Wenig Raum für Visionen
Die kritischen zivilgesellschaftlichen Organisationen in Burkina Faso haben sich im Januar grundsätzlich gegen den Staatsstreich ausgesprochen. Ihre Handlungsspielräume sind indes bereits durch die vorherige, gewählte Regierung Kaboré massiv eingeschränkt worden. Seit dem Putsch vom Januar hat sich ihre Situation allerdings nicht verbessert, und es ist kaum zu erwarten, dass sich unter der nächsten Transitionsregierung die Spielräume für zivilgesellschaftliche Kritik erweitern werden.
Den Transitionsprozess nach dem Januar-Putsch haben die meisten Menschen aus kritischer Distanz verfolgt. Viele haben Zweifel an der Institution der nationalen Wahlen; in der Vergangenheit gab es immer wieder Boykottaufrufe zu den Präsidentschafts- und Parlamentswahlen. Sollte die neue Übergangsregierung – wie angekündigt – für 2024 Wahlen vorbereiten, werden die Gewerkschaften, Menschenrechts-, Jugend- und anderen Organisationen diskutieren, wie sie sich dazu verhalten.
Die andauernde Sicherheitskrise zwingt die zivilgesellschaftlichen Organisationen dazu, fortlaufend auf aktuelle Ereignisse zu reagieren, und stellt eine große persönliche Belastung für Verantwortliche und Aktivist*innen dar. Raum für Reflexion, zur Entwicklung von Visionen und Strategien bleibt dabei kaum.
[1] Kandeh, Jimmy D.: Coups from Below: Armed Subalterns and State Power in West Africa.

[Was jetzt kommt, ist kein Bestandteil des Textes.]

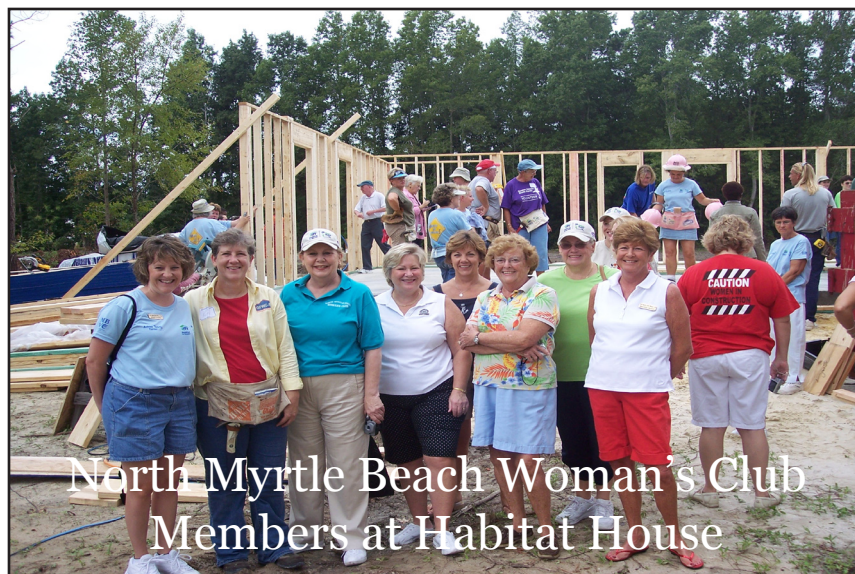
North Myrtle Beach Woman's Club Members at Habitat House

Member of the General Federation of Women's Clubs since 1898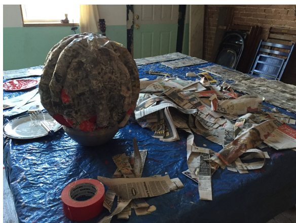
Figure 10 Hyde Park event 2014, photo by Erica Garland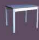
INNO06 System Coffee Table - L550 x D550 x H515 -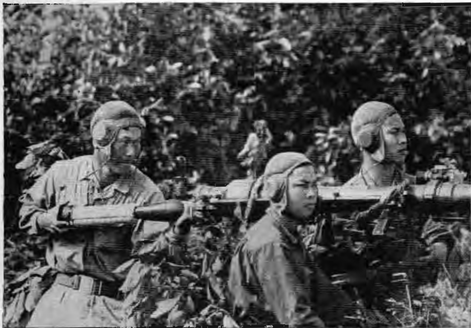
L. A. F. artillery in action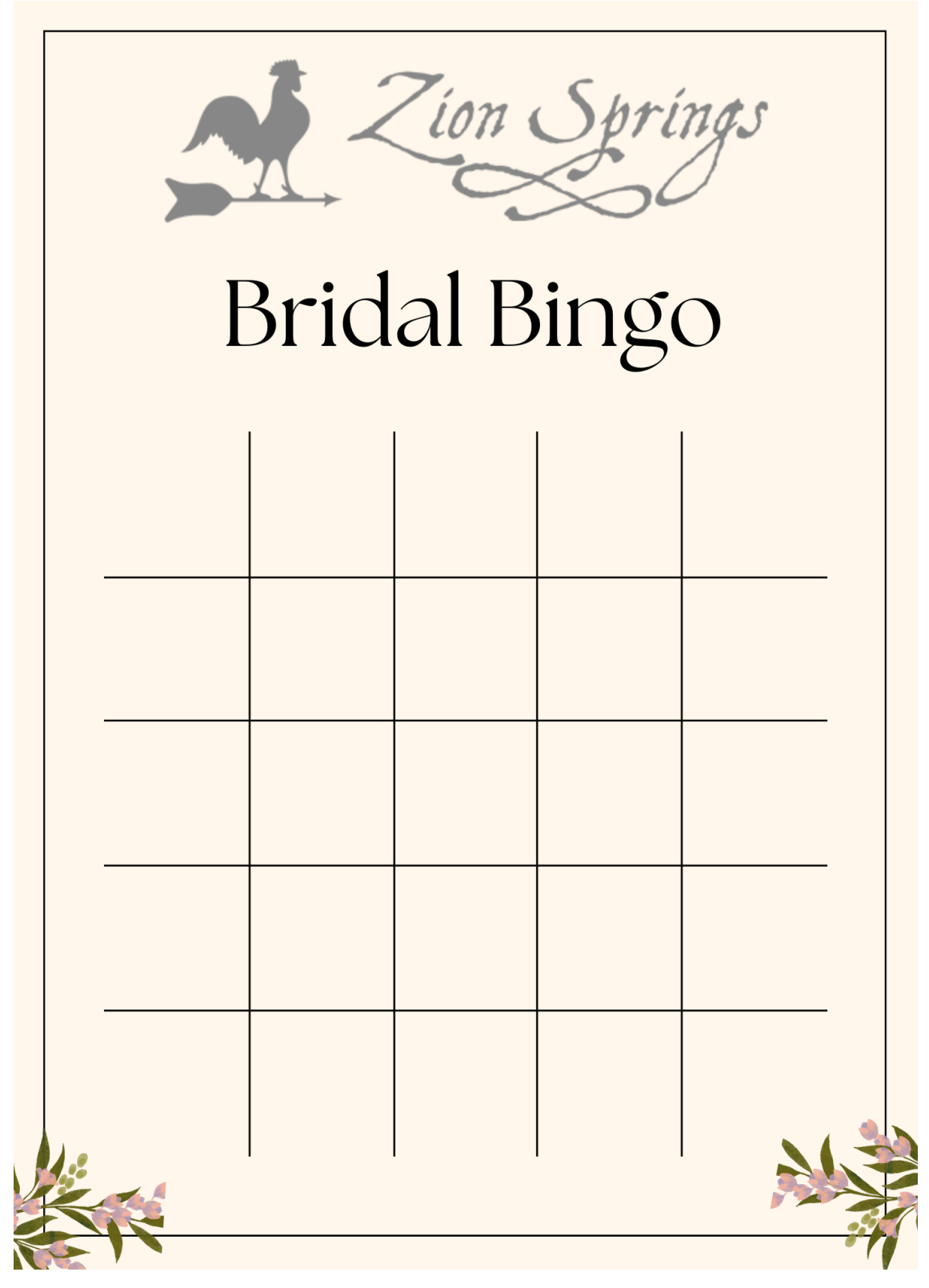
Download <u>Bridal Bingo Template</u> or <u>find a different one</u> that reflects your theme and style.

• The (Almost) Newlywed Game: A fun way to test how well the couple knows each other (and maybe learn some funny stories!). Prepare questions about their relationship history, preferences, and quirks. Have them write down their answers on separate sheets, then reveal them to the guests. Points are awarded for matching answers.

New York: Palgrave Macmillan, 2004.
[2] Engels, Bettina: Transition now? Another coup d’état in Burkina Faso, in: Review of African Political Economy, 49: 172 (2022), S. 315-326.
[3] Lacher, Wolfram: Unser schwieriger Partner. Deutschlands und Frankreichs erfolgloses Engagement in Libyen und Mali. SWP-Studie 3. Berlin: Stiftung Wissenschaft und Politik, 2021; Tull, Denis M.: Operation Barkhane and the Future of Intervention in the Sahel. The Shape of Things to Come. SWP Comment 2021/C 05. Berlin: Stiftung Wissenschaft und Politik, 2021.